Thursday, 27 March 2025

Mrs Fanshaw’s hat - game report + exciting crisp news

Well it was quick and very bloody and a little anti climactic. 12 turns in 30 minutes which would have been 20 if I hadn’t had to keep reminding myself of how the rules work. [long time reading - first time playing]. Somehow the gloss has gone off solo play these days.

Captain Napier plus six soldiers and the two Weatherby-Blythe girls entered the table on a mission to recover Mrs Fanshaw’s best hat before the beastly mutineers could get their grubby paws on it.

Mrs F’s bungalow had been randomly surrounded by groups of militant soldiery (represented initially by playing cards) and the playing area divided into 6 outer zones and 1 central zone containing the bungalow and the hat. 

Night had fallen. A dice roll determined that Napiers force came on in zone 3 and their arrival caused the playing card for the zone to be immediately revealed.
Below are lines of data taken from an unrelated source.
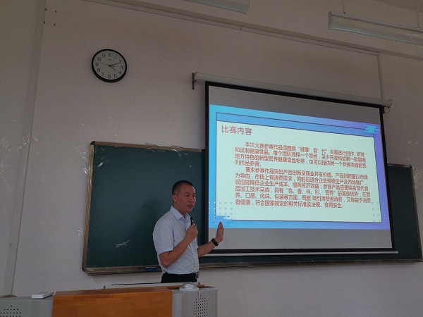 药学院领导对比赛高度重视,对备赛工作提出明确要求和殷切鼓励。在举办校内初赛、校代表队培训等每个环节认证部署,力求精益求精。9月30日组织初赛选拔代表队并由食品科学系主任谭强教授进行赛前培训指导。经过精心组织、严格选拔、培训,最终由谭强、谢文佩和孙一铭三位老师带队,派出5支队伍参赛。通过PPT路演和作品展示两个环节激烈角逐,鸭脖在本次大赛中获得二等奖2项、三等奖2项。
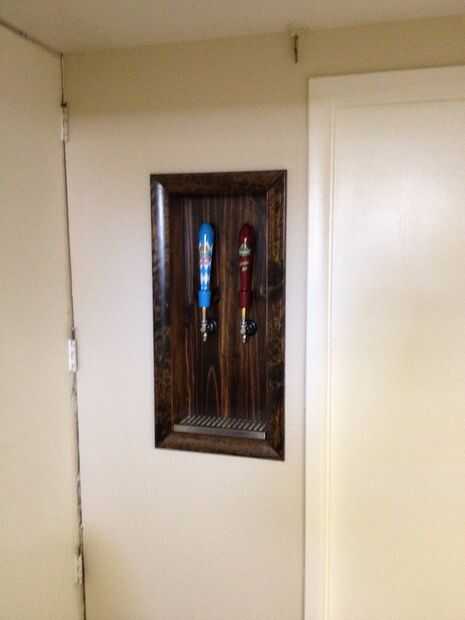 Instalar la caña de cerveza en el "inserto de grifo de cerveza" (lo que nos acaba de hacer) y apriete en su lugar con una llave. Colocar los grifos de cerveza en el la caña de cerveza y apriete con la llave del grifo, sujete las manijas del grifo, asegúrese de que están alineados verticalmente y todo en la parte delantera ahora se ve bonito y acabado. En la parte posterior donde se encuentra todas las cosas importantes.
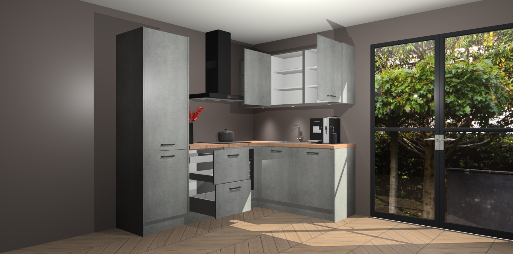 Wauw, dit is de Beton Parelgrijs keuken Pilsen! U kunt gerust zeggen dat u elegantie combineert met functionaliteit met deze keuken. Met een modern en chique ontwerp is de keuken precies wat u nodig heeft om uw ruimte te verfraaien. De binnenzijde van de kasten is in dezelfde donkere kleur als de buitenzijde voor een uniforme look, compleet met softclose-kasten die stil sluiten.

If the card had been a black suit then Napier would have been unopposed but it wasn’t it was red with a value of 5 - meaning 5 sepoys had been surprised by the groups arrival. 

Not exactly fair odds as it turned out. They probably should have tried the “hug it out” strategy.


Despite Napier having a number of initiative advantages over the leaderless sepoys they unexpectedly got to go first - shouting angrily as they moved towards the imperial interlopers. Note - All firearms start the game unloaded, the Sepoys weapons by omission and the imperial troops by design. Any gunshot would alert the entire mutineer force to the interlopers presence and cause them to move towards  the sounds location.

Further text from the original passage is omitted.